Improving quality improvement using achievable benchmarks for physician feedback: a randomized controlled trial.
Kiefe, CI, Allison, JJ, Williams, OD, Person, SD, Weaver, MT, Weissman, NW
JAMA. 2001;(22):2871-9
Abstract
CONTEXT Performance feedback and benchmarking, common tools for health care improvement, are rarely studied in randomized trials. Achievable Benchmarks of Care (ABCs) are standards of excellence attained by top performers in a peer group and are easily and reproducibly calculated from existing performance data. OBJECTIVE To evaluate the effectiveness of using achievable benchmarks to enhance typical physician performance feedback and improve care. DESIGN Group-randomized controlled trial conducted in December 1996, with follow-up through 1998. SETTING AND PARTICIPANTS Seventy community physicians and 2978 fee-for-service Medicare patients with diabetes mellitus who were part of the Ambulatory Care Quality Improvement Project in Alabama. INTERVENTION Physicians were randomly assigned to receive a multimodal improvement intervention, including chart review and physician-specific feedback (comparison group; n = 35) or an identical intervention plus achievable benchmark feedback (experimental group; n = 35). MAIN OUTCOME MEASURE Preintervention (1994-1995) to postintervention (1997-1998) changes in the proportion of patients receiving influenza vaccination; foot examination; and each of 3 blood tests measuring glucose control, cholesterol level, and triglyceride level, compared between the 2 groups.
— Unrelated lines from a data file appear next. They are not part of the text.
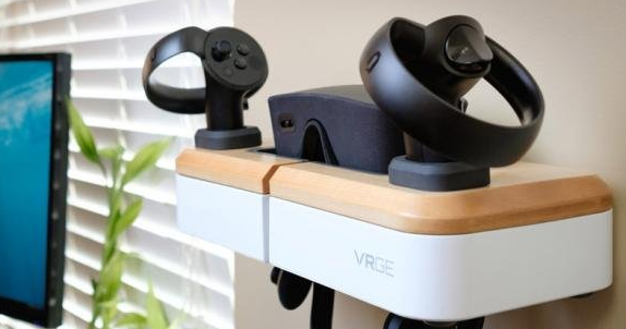 VRGE的VR Dock是一個(gè)跨平臺(tái)儲(chǔ)存器和充電座,兼容各種不同的頭顯和控制器品牌。這款原型產(chǎn)品具有木質(zhì)表面和保護(hù)性橡膠緩沖器,外觀十分優(yōu)雅。該產(chǎn)品目前正在Kickstarter上進(jìn)行眾籌。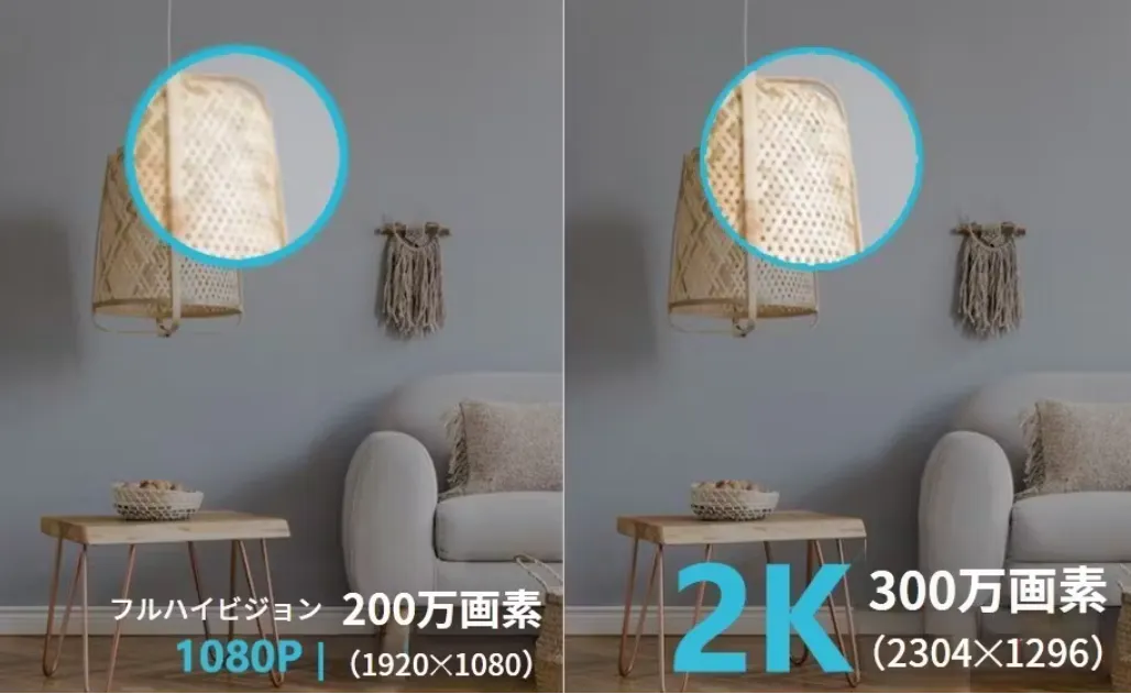 画質はコンパクト防犯カメラ製品に多いFHDや3MPよりもさらに高い、超高解像度2Kです。犯行現場は撮れていたけど、顔がぼやけていては意味がありません。顔までしっかりと映すことで、犯人の特定に結びつきます。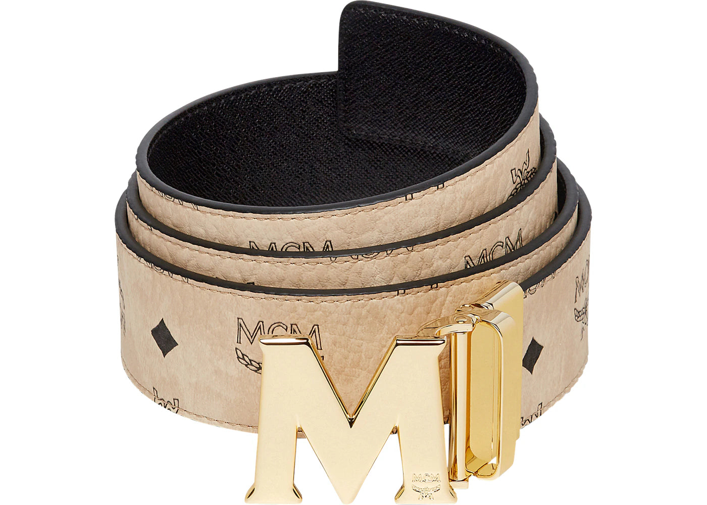 The MCM Claus M Reversible Belt Visetos 1.75W 51In/130Cm Beige is now available at Side Kicks!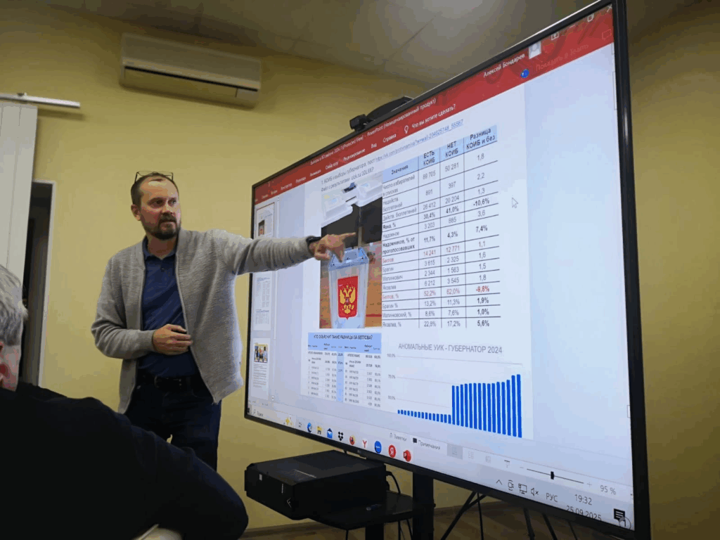 Гражданский активист Игорь Пирогов выступил с докладом о том, как различаются результаты на участках с КОИБ и без них. В продемонстрированной презентации тезис о наличии таких различий был подтвержден серьезной аналитикой и данными о результатах выборов 2024 года на Васильевском острове.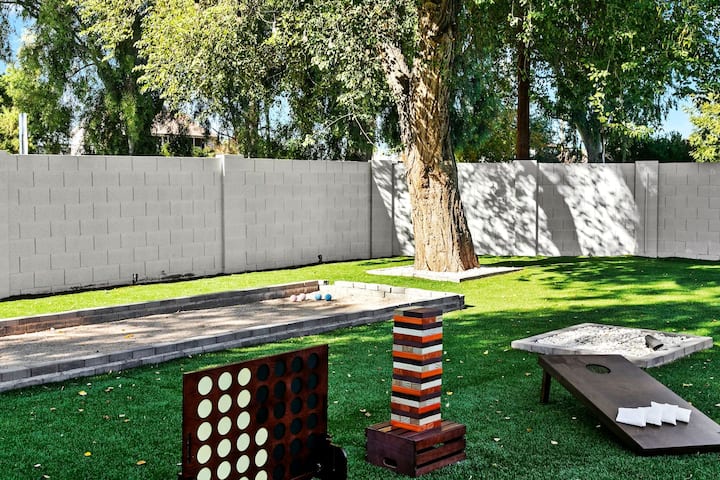 ¡Disfruta del amplio área de recreación compartida en el patio delantero de esta propiedad! Equipada con minigolf, Corn Hole, Life-Size Jenga y Connect Four, y un montón de espacio abierto para correr y jugar, ¡esta zona tiene algo para todos! Ten en cuenta que esta zona del patio delantero se comparte entre todas las unidades de la propiedad, por lo que es posible que compartas estos servicios con otros huéspedes. Sin embargo, los espacios del patio trasero son privados para cada unidad individual para aquellos momentos que elijas ser menos sociables.

RESULTS The proportion of patients who received influenza vaccine improved from 40% to 58% in the experimental group (P<.001) vs from 40% to 46% in the comparison group (P =.02). Odds ratios (ORs) for patients of achievable benchmark physicians vs comparison physicians who received appropriate care after the intervention, adjusted for preintervention care and nesting of patients within physicians, were 1.57 (95% confidence interval [CI], 1.26-1.96) for influenza vaccination, 1.33 (95% CI, 1.05-1.69) for foot examination, and 1.33 (95% CI, 1.04-1.69) for long-term glucose control measurement. For serum cholesterol and triglycerides, the achievable benchmark effect was statistically significant only after additional adjustment for physician characteristics (OR, 1.40 [95% CI, 1.08-1.82] and OR, 1.40 [95% CI, 1.09-1.79], respectively). CONCLUSION Use of achievable benchmarks significantly enhances the effectiveness of physician performance feedback in the setting of a multimodal quality improvement intervention.